Twyford comes together to help family welcome Ukraine refugees

A young couple preparing to welcome a family of Ukrainian refugees to their home in Twyford have been overwhelmed by support received from the local community.

After reaching out through several village-based social media groups a long wishlist of essential items needed to get a single mum of two established in the UK was quickly narrowed down to zero.

Within days of posting the need for beds, linen, toys, clothes, furniture and play items Aleksandra and Glenn Sheasby and their three children had enough supplies to start readying two bedrooms and an ensuite for their

visiting family.

“My list was very specific,” said Aleksandra, who is

originally from Poland.

“That’s what I am like. Very Polish in my nature of organising. Leave nothing unplanned; try and put everything in place.”

Local offers of help from cleaners to van drivers and donations of lifestyle items and essential equipment have helped Aleksandra do just that.

“Everyone wants to help in whatever way the can. Many wish they could host but if they couldn’t do that, they have come forward with donations. That’s what Twyford is like.”

Some of the donations surprised the Sheasbys – such as a full dinnerware set with a hidden gesture inside.

“I was worried that I didn’t have enough plates,” Aleksandra said.
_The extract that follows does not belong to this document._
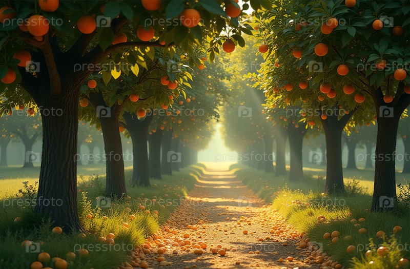 Большой сад апельсиновых фруктов, ферма, саженцы, растения, сладкие фрукты. Генеративный искусственный интеллект
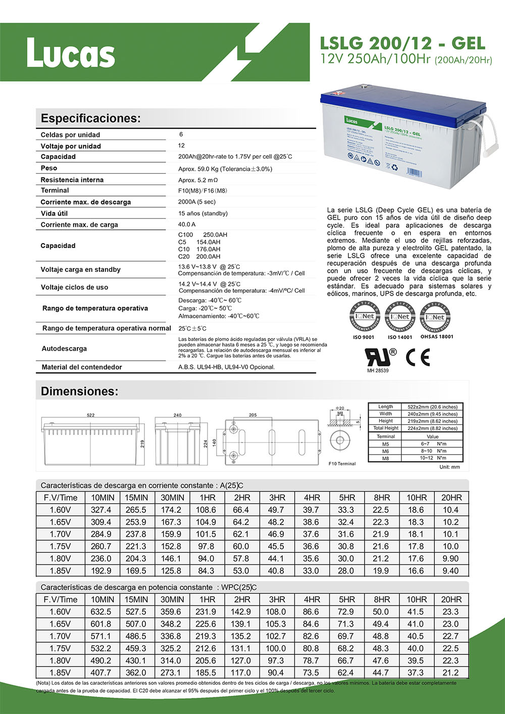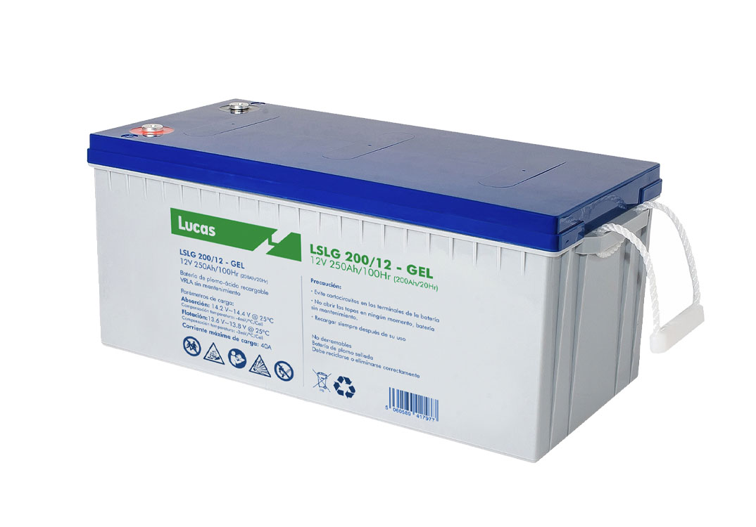 Batería de Gel Lucas LSLG 200/12 12V 250Ah en C100. La serie LSLG (Deep Cycle GEL) de Lucas Batteries es una batería de GEL puro con 15 años de vida útil de diseño deep cycle.

“So I put out a message and a local lady contacted me and offered the most beautiful set of dishes. It was so lovely I offered to pay for it but she insisted on donating it, and some cutlery, and when she dropped the parcel off she had included a supermarket shopping card. People have been so kind.”

The family from Ukraine will stay with the Sheasbys and their three young children for a period of six months under the Homes for Ukraine scheme.

Over 100 homes across the Wokingham Borough will welcome approximately 250 refugees.

It’s been a fairly long process but the final bits have come together quickly.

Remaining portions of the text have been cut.